(Beginning of DATASET ENTRIES)

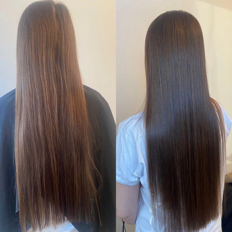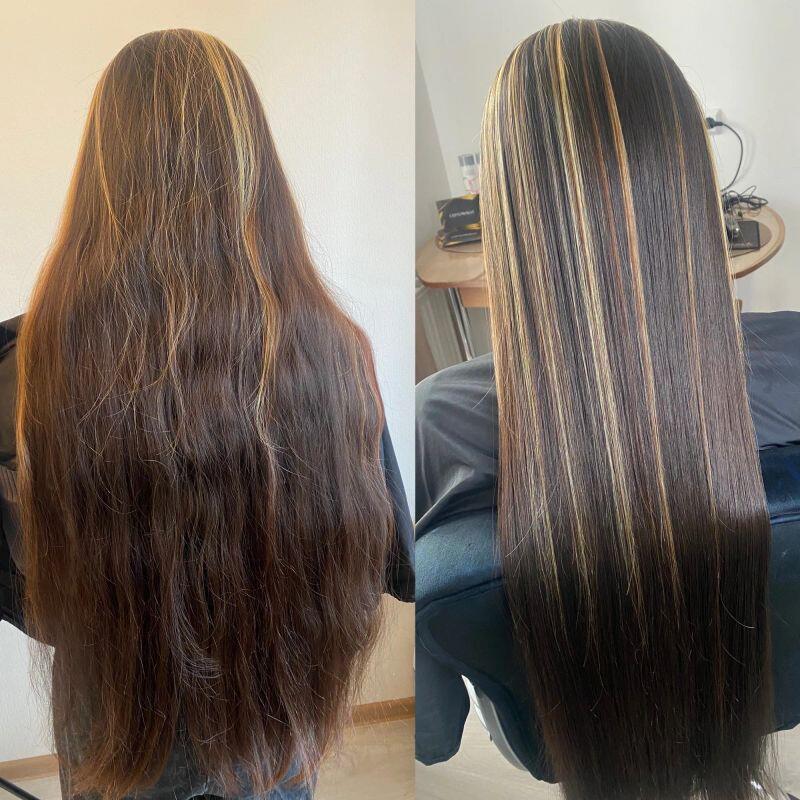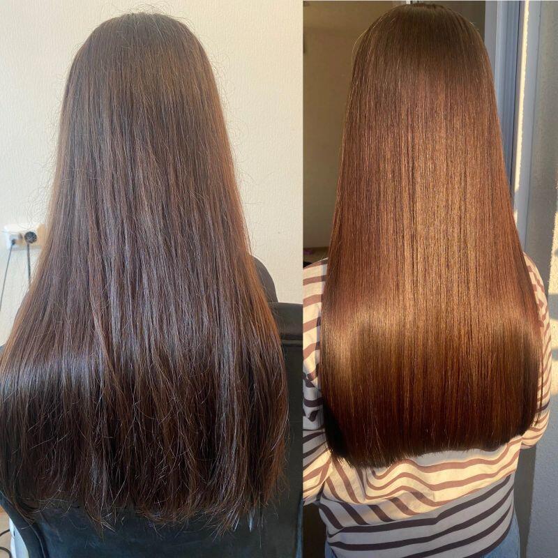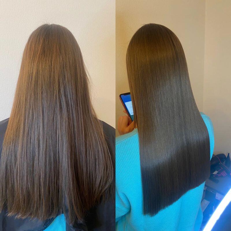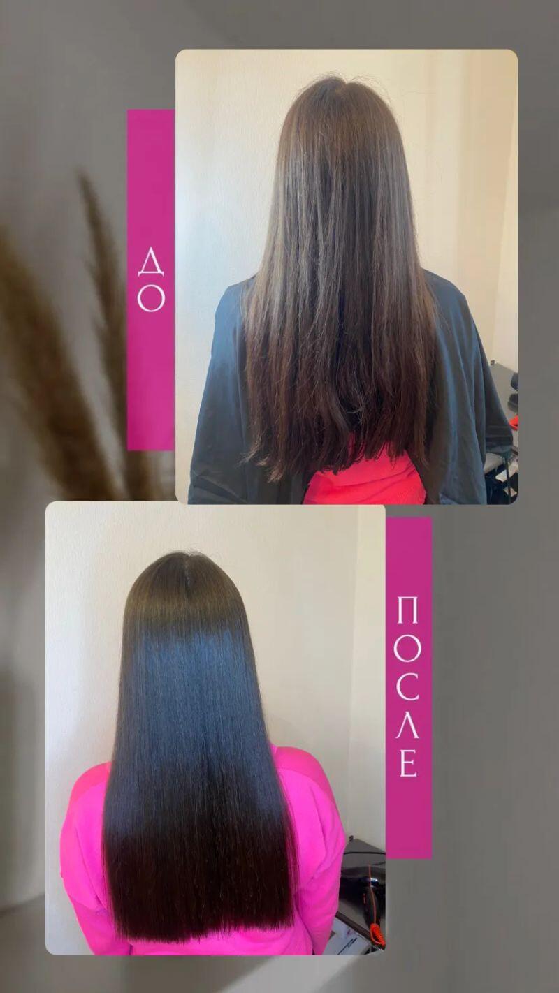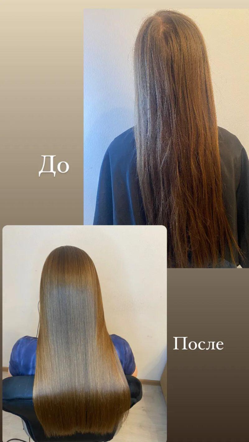 Волосы после процедуры ожили, даже цвет обновился, кайф!!! Спасибо Елена огромнейшее, буду делать у вас еще❤️
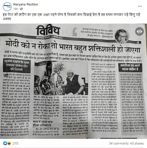 एक अखबार की कटिंग शेयर कर दावा किया गया कि न्यूयॉर्क टाइम्स के मुख्य संपादक जोसेफ होप ने कहा है कि यदि पीएम मोदी को न रोका गया तो भारत बहुत शक्तिशाली हो जायेगा।
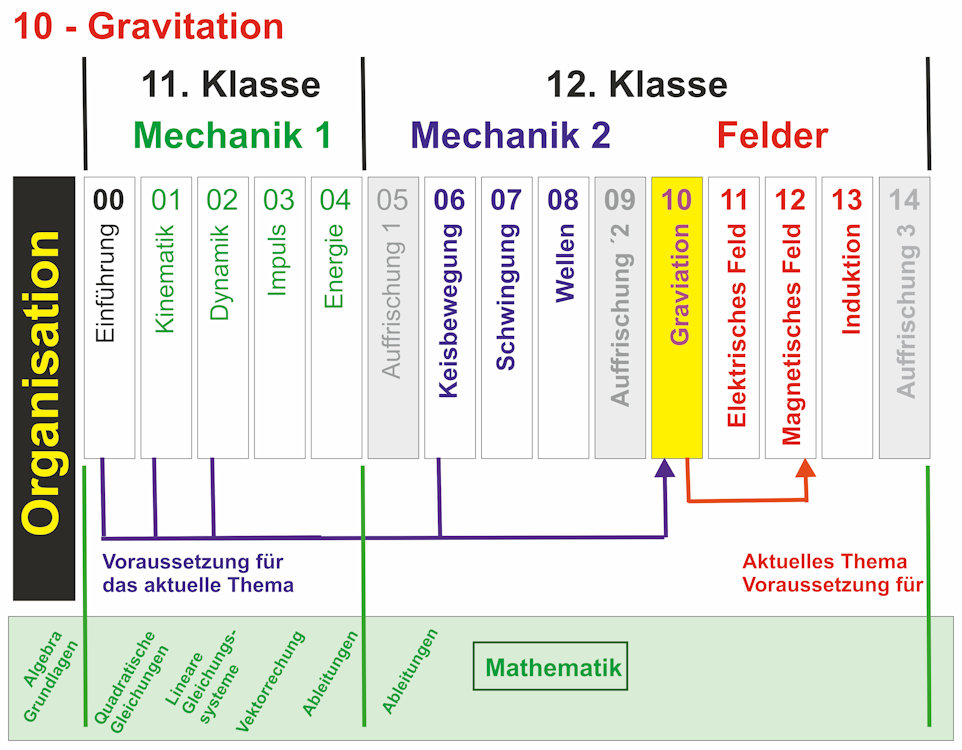 Zwei Massen ziehen sich gegenseitig an - diese Kraft wird als Newtonsche Gravitationskraft bezeichnet..Die Gravitationskraft iost verantwortlich dafür, dass sich der Mond um die Erde dreht, die Erde umd die Sonne und die Sonne um das Zentrum der Milchstrasse. In diesem Abschnitt lernen Sie, dass die Gravitation ein Feld ist und die Gravitationskraft der Erde eine Zentralkraft für den Mond ist. Gleichzeitig werden Sie in den Begriff des "physikalischen Feldes" eingeführt, der in den weiteren Themen - elektrisches und magnetische Feld - von zentraler Bedeutung ist. Dieser Auffrischungskurs wird im Bedarsfall und wenn organisatorisch möglich in der Mitte der 12. Jahrgangstufe abgehalten. | ||||
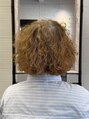 スパイラルパーマに肌馴染みの良いピンクベージュで、大人女性の柔らかさを引き出しました。白髪を味方につけることで、ダメージを抑えつつ鮮やかな発色に。オイルを揉み込むだけの簡単スタイリングで決まる、立体的なウェーブボブ。
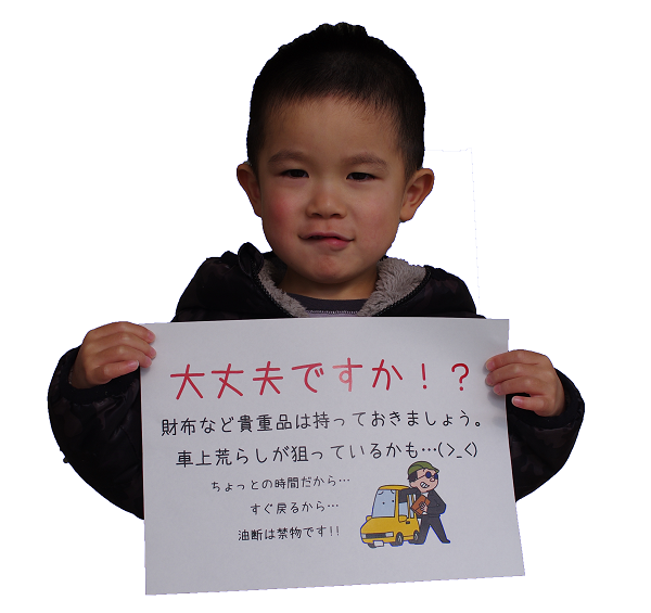 3事件概要 お迎えの保護者が駐車場に車を止め、園にお迎えに行っていた5分程度の間に、車のガラスが割られ、中の財布等が盗られたもの。警察が現在捜査中である。
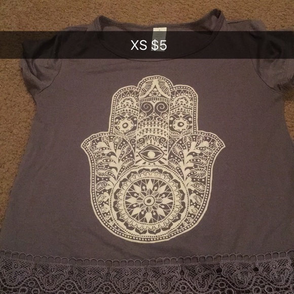 Short sleeved with white appliqué on it
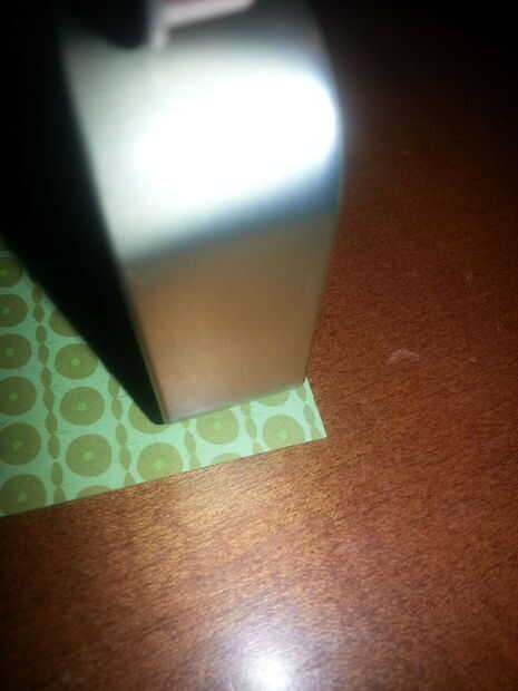 Cortar los bordes a la línea de la caja interna. Trace el ancho de la lata y luego dibujar líneas rectas en ese ancho con un borde recto. Corte y caliente pegamento dentro de la bandeja.
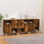 Aparadores 3 uds madera contrachapada gris hormigón 60x35x70 cm
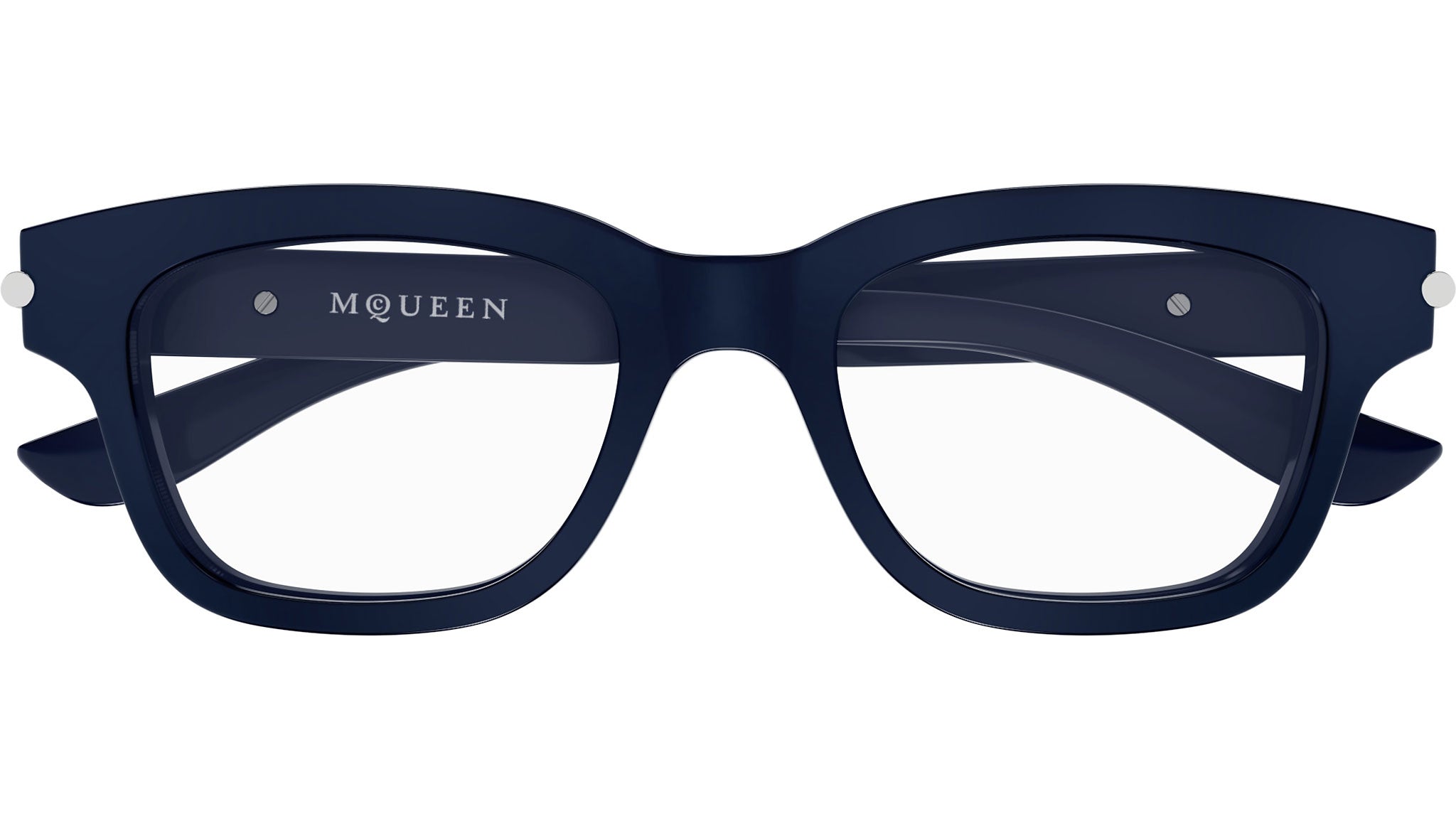 Occhiali da vista Alexander McQueen T-Bar modello AM0497O in acetato riciclato rettangolari codice colore 008 blu lucido tinta unita con aste blu e lenti demo. Rivenditore autorizzato Alexander McQueen online. Gli occhiali vengono consegnati con custodia e accessori originali e sono coperti dalla garanzia ufficiale di 12 mesi del produttore.
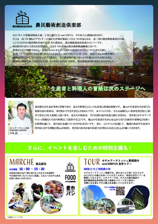 2021年8月に誕生したem CAMPUSの屋上農園でこだわりの農産物を育てる「農民藝術創造倶楽部」の皆さまと総料理長 今里武との一日限りのスペシャルコラボレーションブッフェ「SPECIAL FAEMERS COLLECTION」。

(End of DATASET ENTRIES)

## TASK REQUIREMENTS
The goal is an exact reprint of the entries, leaving out the pictures.

## RESPONSE TO THIS TASK
 Волосы после процедуры ожили, даже цвет обновился, кайф!!! Спасибо Елена огромнейшее, буду делать у вас еще❤️
 एक अखबार की कटिंग शेयर कर दावा किया गया कि न्यूयॉर्क टाइम्स के मुख्य संपादक जोसेफ होप ने कहा है कि यदि पीएम मोदी को न रोका गया तो भारत बहुत शक्तिशाली हो जायेगा।
 Zwei Massen ziehen sich gegenseitig an - diese Kraft wird als Newtonsche Gravitationskraft bezeichnet..Die Gravitationskraft iost verantwortlich dafür, dass sich der Mond um die Erde dreht, die Erde umd die Sonne und die Sonne um das Zentrum der Milchstrasse. In diesem Abschnitt lernen Sie, dass die Gravitation ein Feld ist und die Gravitationskraft der Erde eine Zentralkraft für den Mond ist. Gleichzeitig werden Sie in den Begriff des "physikalischen Feldes" eingeführt, der in den weiteren Themen - elektrisches und magnetische Feld - von zentraler Bedeutung ist. Dieser Auffrischungskurs wird im Bedarsfall und wenn organisatorisch möglich in der Mitte der 12. Jahrgangstufe abgehalten. | ||||
 スパイラルパーマに肌馴染みの良いピンクベージュで、大人女性の柔らかさを引き出しました。白髪を味方につけることで、ダメージを抑えつつ鮮やかな発色に。オイルを揉み込むだけの簡単スタイリングで決まる、立体的なウェーブボブ。
 3事件概要 お迎えの保護者が駐車場に車を止め、園にお迎えに行っていた5分程度の間に、車のガラスが割られ、中の財布等が盗られたもの。警察が現在捜査中である。
 Short sleeved with white appliqué on it
 Cortar los bordes a la línea de la caja interna. Trace el ancho de la lata y luego dibujar líneas rectas en ese ancho con un borde recto. Corte y caliente pegamento dentro de la bandeja.
 Aparadores 3 uds madera contrachapada gris hormigón 60x35x70 cm
 Occhiali da vista Alexander McQueen T-Bar modello AM0497O in acetato riciclato rettangolari codice colore 008 blu lucido tinta unita con aste blu e lenti demo. Rivenditore autorizzato Alexander McQueen online. Gli occhiali vengono consegnati con custodia e accessori originali e sono coperti dalla garanzia ufficiale di 12 mesi del produttore.
 2021年8月に誕生したem CAMPUSの屋上農園でこだわりの農産物を育てる「農民藝術創造倶楽部」の皆さまと総料理長 今里武との一日限りのスペシャルコラボレーションブッフェ「SPECIAL FAEMERS COLLECTION」。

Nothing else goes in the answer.